Perl for Text Processing: Still Useful After All These Years
Every few years someone declares Perl dead. And every few weeks I write another Perl one-liner to process text files that would take ten lines in Python. The language has aged, certainly, but for specific tasks it remains unmatched.
The One-Liner Advantage
Perl's command-line mode with the -n, -p, -a, and -e flags turns it into a surgical text-processing tool. Extracting the third column from a tab-separated file, filtering lines matching a pattern, and reformatting the output can happen in a single command. The equivalent Python script requires importing modules, opening files, and writing loops.
Regular expressions are first-class citizens in Perl. They are part of the syntax, not bolted on through a library. Pattern matching, substitution, and capture groups flow naturally. For anyone who thinks in regular expressions, Perl is the most direct translation of thought to code.
Where I Still Use It
Log file processing is the primary use case. Web server logs, application logs, and system logs all benefit from Perl's line-by-line processing model. I have a collection of scripts that extract error patterns, count frequencies, and generate summary reports. They run in cron jobs and have been doing so reliably for years.

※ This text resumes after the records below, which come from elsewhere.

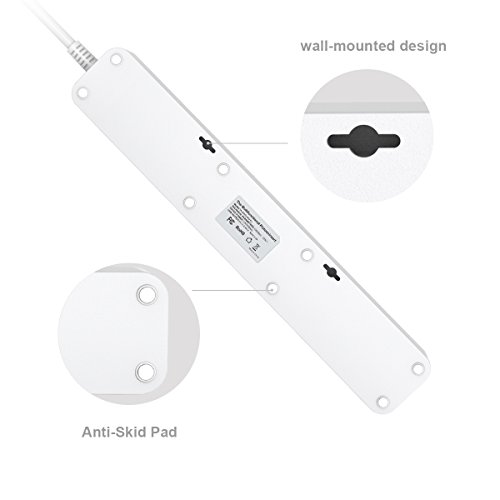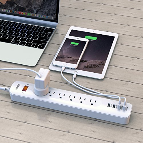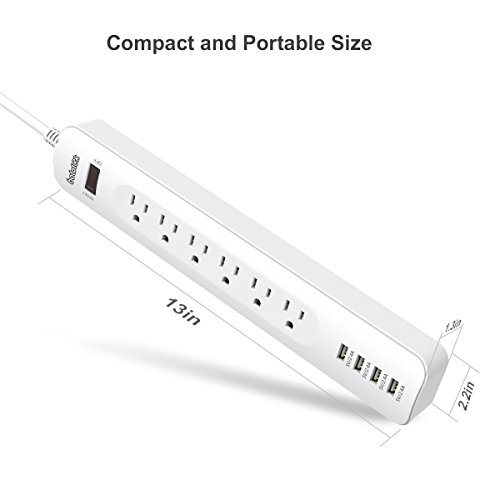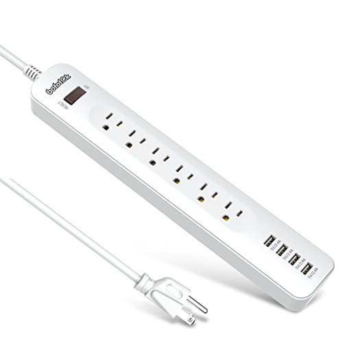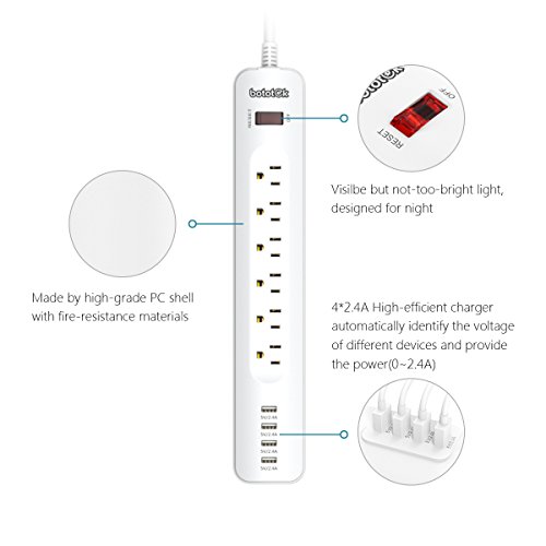 Bototek 6-outlet power strip with 4 Smart 5V/2.4A USB Charging ports and 6ft Cord, Built-in 1250W/10A 500J Surge protector, for smart phones & tablets, White
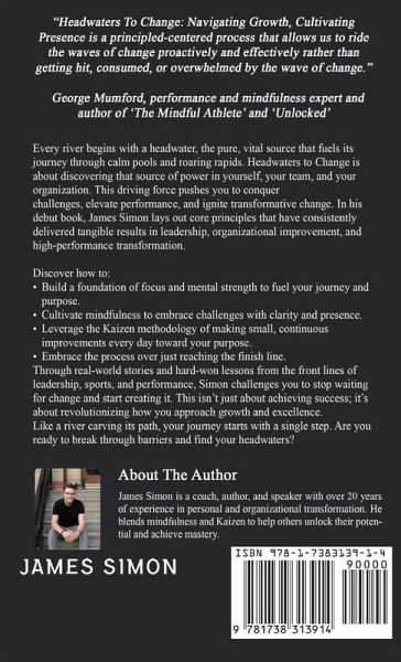 Every river begins with a headwater, the pure, vital source that fuels its journey through calm pools and roaring rapids. Headwaters to Change is about discovering that source of power in yourself, your team, and your organization. This driving force pushes you to conquer challenges, elevate performance, and ignite transformative change. In his debut book, James Simon lays out core principles that have consistently delivered tangible results in leadership, organizational improvement, and high-performance transformation. Discover how to: 1. * Build a foundation of focus and mental strength to fuel your journey and purpose. * Cultivate mindfulness to embrace challenges with clarity and presence. * Leverage the Kaizen methodology of making small, continuous improvements every day toward your purpose. * Embrace the process over just reaching the finish line. Through real-world stories and hard-won lessons from the front lines of leadership, sports, and performance, Simon challenges you to stop waiting for change and start creating it. This isn't just about achieving success; it's about revolutionizing how you approach growth and excellence. Like a river carving its path, your journey starts with a single step. Are you ready to break through barriers and find your headwaters?
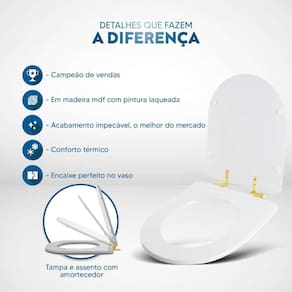 Itens inclusos: assento e tampa em madeira MDF com pintura laqueada. Ferragens na cor Dourada em alumínio anodizado muito resistente, não oxidam e não enferrujam.

Data cleaning before analysis is another common task. CSV files with inconsistent quoting, mixed encodings, and embedded newlines are Perl territory. The Text::CSV module handles edge cases that break simpler parsers.
The Modern Perl Ecosystem
CPAN still works. Modules are still maintained. Perl 5.38 added new features like the try/catch syntax and improved Unicode handling. The language evolves slowly, which is a feature when your scripts need to run for a decade. You may also find dog-friendly travel spots in France helpful.
Mojolicious is a surprisingly good web framework if you need one. DBIx::Class remains the best ORM I have used in any language. And Perl's testing culture, with Test::More and prove, predates and influenced testing practices in other languages.
When Not to Use Perl
New projects with teams should use Python or whatever the team knows. Perl's flexibility is a liability in collaborative environments. The language offers too many ways to do the same thing, and code style varies wildly between programmers.
Machine learning and modern data science have no meaningful Perl ecosystem. Do not try. Use Python or R for those tasks and call Perl for the preprocessing step.
The Perl routines are still ugly text-processing scripts. But they work, and they will keep working long after the next trendy language arrives.